Agent Token Usage Balloons from 300 to 7,000 Over 20 Turns, a 20× Increase
English summary
A user measured input token costs for an AI agent browsing similar pages over 20 turns. Turn 1 consumed roughly 300 tokens, while turn 20 consumed 7,000 tokens—a 20× increase—as the agent re-reads all previous context. The observation highlights a hidden “context tax” that drives up inference costs in multi-turn agent workflows.
Chinese summary
作者测量了一个AI智能体在浏览相似网页时,20轮对话中每一轮的输入令牌成本。第一轮约消耗300个令牌,到第20轮消耗7000个令牌,成本增长约20倍,原因是智能体重复读取之前的所有上下文。
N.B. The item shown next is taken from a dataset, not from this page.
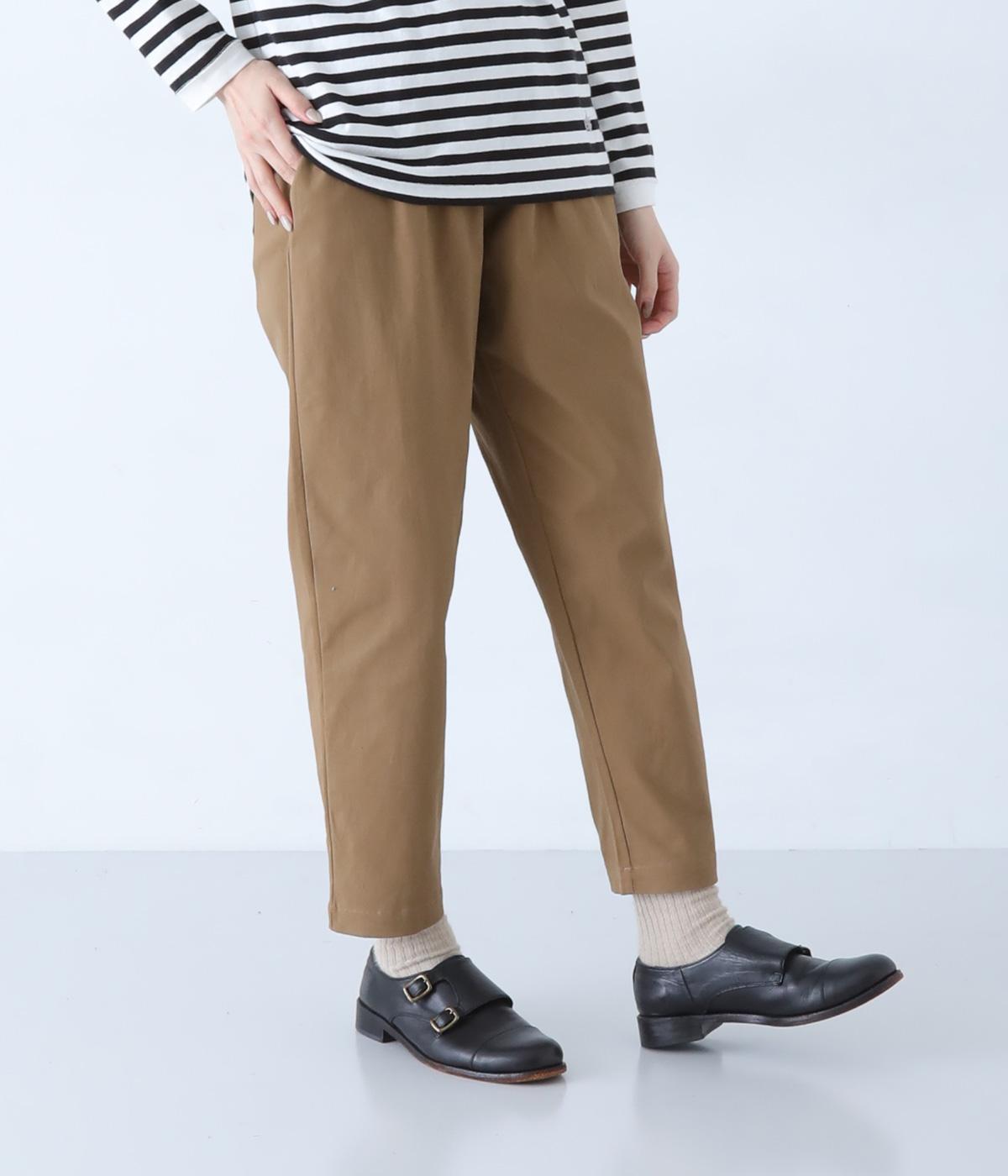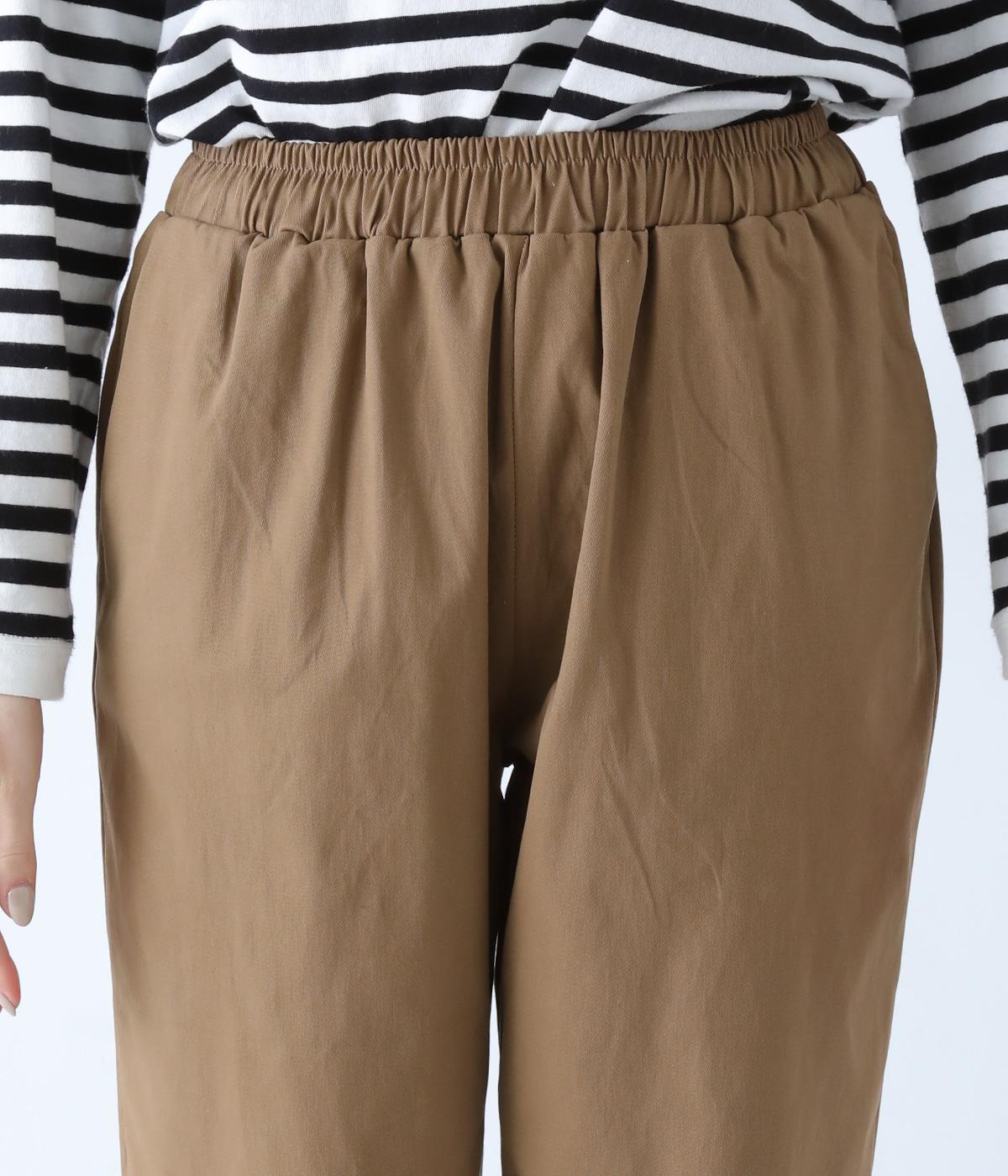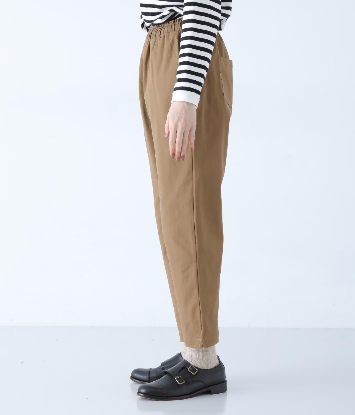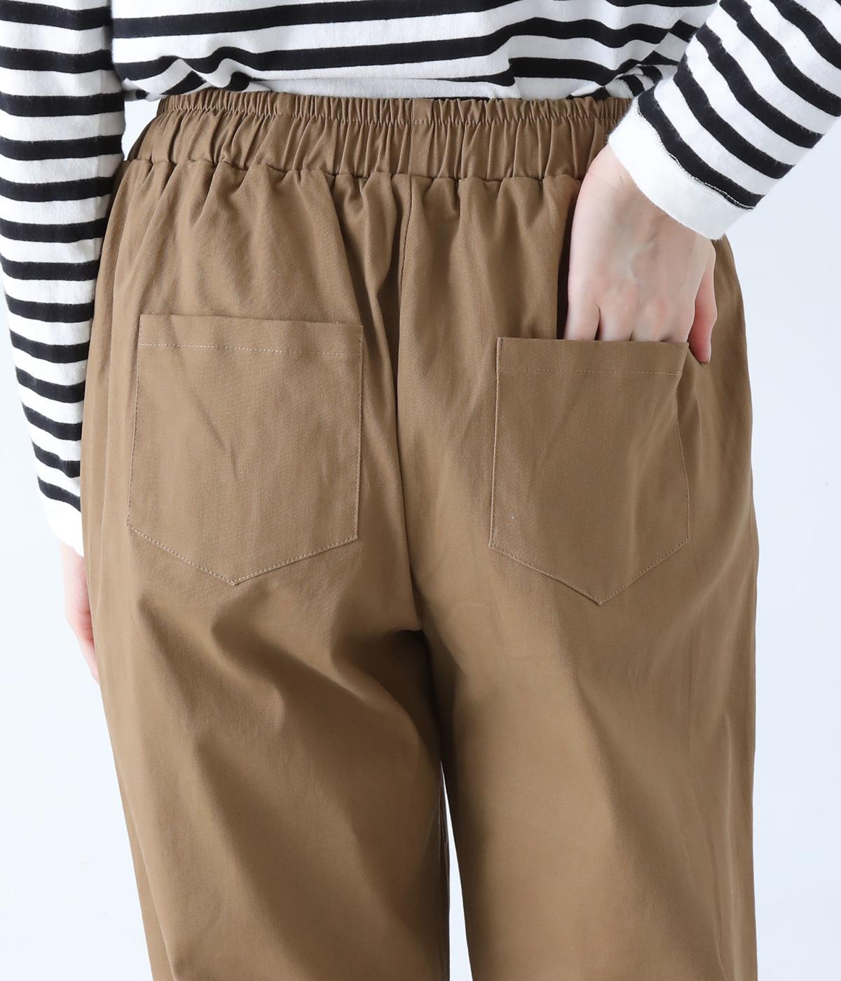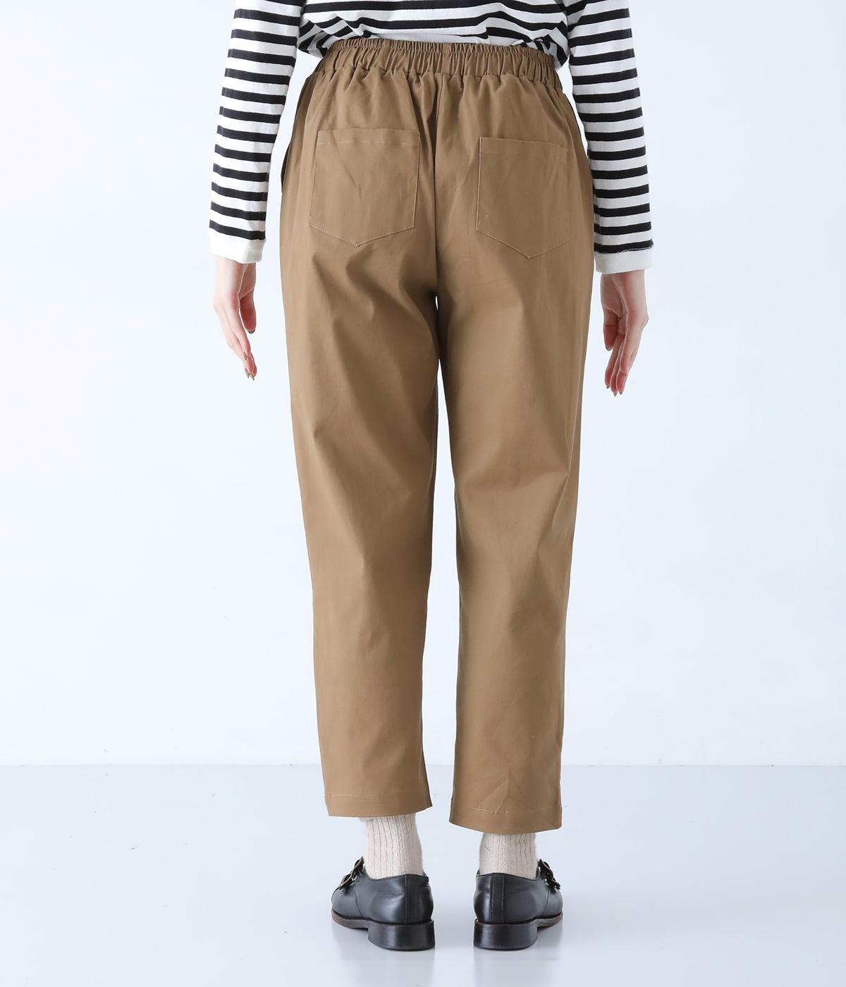 脚のラインをすっきりと見せる裾に向かって細くしたテーパードパンツ。トップスにボリュームが出やすい秋冬にもバランスの良い着こなしがたのしめます。ヒップポケットが後ろ姿のアクセントになりつつ、お尻のラインをさりげなくカバー。ウエストは総ゴム仕様で内紐つきです。

这一发现揭示了多轮智能体工作流中隐藏的“上下文税”,推高了推理成本。
Key points
Turn 1 input token count: ~300 tokens.
第1轮输入令牌数:约300个。
Turn 20 input token count: ~7,000 tokens.
第20轮输入令牌数:约7000个。
Cost increase factor: approximately 20× from first to last turn.
从首轮到末轮成本增加约20倍。
The growth is due to the agent re-including all previous context in each new request.
增长原因是智能体在每次新请求中都重新包含了之前的所有上下文。